START ENTRIES PROVIDED

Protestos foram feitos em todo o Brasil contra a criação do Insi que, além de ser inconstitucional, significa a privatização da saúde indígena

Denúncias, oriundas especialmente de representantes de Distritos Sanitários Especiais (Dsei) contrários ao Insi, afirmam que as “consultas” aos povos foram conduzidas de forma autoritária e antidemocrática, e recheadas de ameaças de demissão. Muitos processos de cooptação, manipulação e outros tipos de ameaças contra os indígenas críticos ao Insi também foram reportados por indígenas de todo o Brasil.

END ENTRIES PROVIDED
START ENTRIES PROVIDED

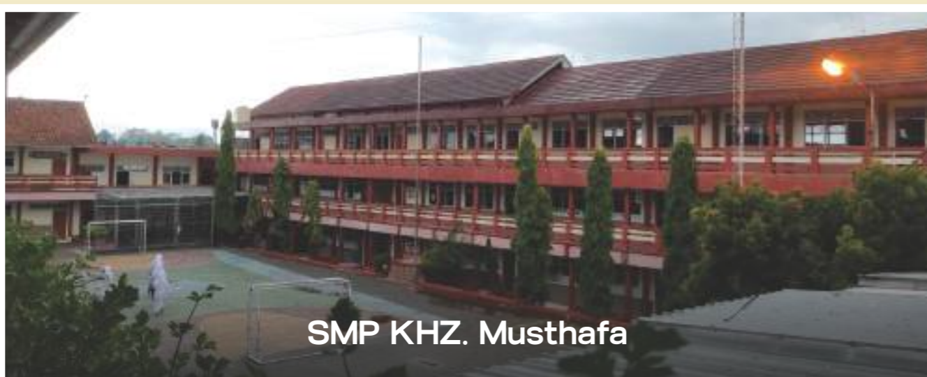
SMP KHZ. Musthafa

END ENTRIES PROVIDED

▶ TASK OBJECTIVE: Your task is to restate, word for word, only those lines above that fall between the line holding "Protestos foram feitos" and the line holding "Denúncias, oriundas especialmente", inclusive.

▶ EXERCISE RESULT:
Protestos foram feitos em todo o Brasil contra a criação do Insi que, além de ser inconstitucional, significa a privatização da saúde indígena

Denúncias, oriundas especialmente de representantes de Distritos Sanitários Especiais (Dsei) contrários ao Insi, afirmam que as “consultas” aos povos foram conduzidas de forma autoritária e antidemocrática, e recheadas de ameaças de demissão. Muitos processos de cooptação, manipulação e outros tipos de ameaças contra os indígenas críticos ao Insi também foram reportados por indígenas de todo o Brasil.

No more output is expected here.